In addition, to validate the accuracy and efficiency of the proposed model, a comparison is made with the commercial numerical simulation software tNavigator. Firstly, a dual-permeability model is established using tNavigator, as shown in Figure 13. The reservoir and fracture parameters used in the numerical model are consistent with those in the proposed model. The dimensionless pressure and pressure derivative curves obtained from the numerical model, linear model, and proposed model are compared in Figure 14. It can be found that, except for the early stage of the pressure curve, which has some deviation, the curve shapes of the numerical model and the proposed model are consistent in other flow stages. The early-stage pressure deviation is mainly caused by the radial convergence effect of cracks towards the wellbore. Numerical simulation methods usually use well models to simulate early radial flow. In this study, the model introduces the confluence skin factor to correct the bottomhole pressure and improve the accuracy of early flow simulation. Since the expression of pressure derivative has no relation to the skin, the pressure derivative curves obtained from both methods fit well throughout the entire flow stage. Currently, for numerical simulation methods, crack meshes are usually refined to obtain high-precision simulation results.

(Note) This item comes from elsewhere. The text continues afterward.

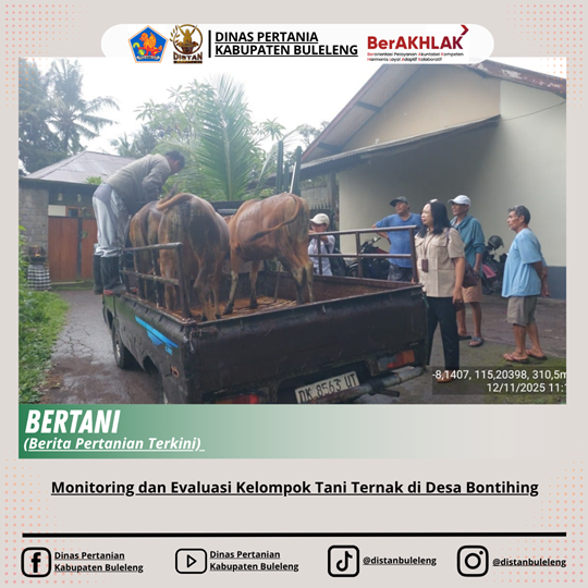 Hari Rabu, 12 November 2025, Tim Monitoring dan Evaluasi (Monev) dari Bidang Peternakan dan Kesehatan Hewan Dinas Pertanian Kabupaten Buleleng diantaranya Kepala Bidang PKH, Pengawas Sanitasi Uspet dan Kesmavet serta Pengawas bibit ternak telah melaksanakan kegiatan monev terhadap Kelompok Tani Ternak (KTT) Suchi Berkarya, yang berlokasi di Banjar Dinas Kanginan, Desa Bontihing, Kecamatan Kubutambahan selaku penerima dana hibah APBD Perubahan Tahun 2025

After refinement, the total number of cracks meshes generally reaches tens of thousands, and the simulation time step is very small, which ultimately leads to low computational efficiency and cannot meet the high-precision requirements for early crack flow in well testing interpretation analysis. The proposed model established in this paper does not need to be divided into meshes. This greatly reduces the total number of meshes. In addition, the solution is not limited by the time step, so the early simulation accuracy is better, and the computational efficiency is higher. To obtain the calculation results shown in Figure 14, the proposed model developed in this study was used for calculation on the same platform; the time was less than 5 s, while Eclipse’s calculation time was more than 50 s. It can be seen that the proposed model studied in this paper has a significant advantage in computational efficiency.

4. Conclusions

This paper introduced a novel methodology for simulating the transient pressure behavior of coalbed methane (CBM) wells during injection fall-off tests. This methodology incorporates a critical term, the quadratic pressure gradient, to account for the non-linear flow characteristics observed in CBM formations. The key findings of this study are as follows:
(1)
Impact of the Quadratic Pressure Gradient: The inclusion of the quadratic pressure gradient term in the model exerts a significant influence on the pressure response during the injection fall-off test. This influence is particularly pronounced during two distinct flow stages: the intermediate flow period and the late-time pseudo-radial flow period. When compared to traditional linear models that neglect the quadratic pressure gradient, the proposed model predicts lower bottom-hole pressure and pressure derivative values throughout these two stages. This observation underscores the importance of considering the non-linear flow behavior for accurate pressure response prediction in CBM wells.
(2)
Wellbore Storage Effect: The wellbore storage stage, characterized by the dominance of wellbore storage effects, remains unaffected by the quadratic pressure gradient. This is because this initial stage primarily reflects pressure changes confined to the wellbore volume itself, rather than fluid flow within the formation.
(3)
Influence of Dimensionless Parameters: The extent of the discrepancy between the pressure and pressure derivative curves obtained from the proposed model and those predicted by conventional linear models is governed by two key dimensionless parameters: the dimensionless quadratic pressure gradient coefficient and the dimensionless production time. As the value of the dimensionless quadratic pressure gradient coefficient increases, the deviation between the curves becomes more pronounced. This signifies a growing impact of the non-linear flow behavior on the pressure response with increasing severity of the pressure gradient. Additionally, the deviation progressively widens with increasing dimensionless production time, highlighting the growing influence of non-linear effects as the injection fall-off test progresses.
(4)
Inter-Porosity and Storativity Effects: The inter-porosity flow coefficient, which governs the rate of fluid exchange between the cleat and natural fracture systems within the CBM reservoir, primarily affects the timing of the appearance of a characteristic concave-shaped trough in the pressure derivative curves. This trough signifies the transition from flow within the cleat system to flow within the fracture network. Conversely, the storativity coefficient, which represents the relative amount of fluid initially stored within the cleat and fracture systems, influences the width and depth of this concave trough in the pressure derivative curves. A smaller storativity coefficient, indicative of a lower initial fluid volume within the cleats, leads to wider and deeper troughs.

Author Contributions

Methodology, Z.S.; Formal analysis, J.W.; Writing—original draft, W.G.; Writing—review & editing, J.W. All authors have read and agreed to the published version of the manuscript.

Funding

The research was supported by the National Natural Science Foundation Projects of China (No. 52104099 and No. 52274103) and the Natural Science Foundation Projects of Jiangsu Province (No. BK20210508). We also acknowledge China University of Mining & Technology for the permission to publish this work.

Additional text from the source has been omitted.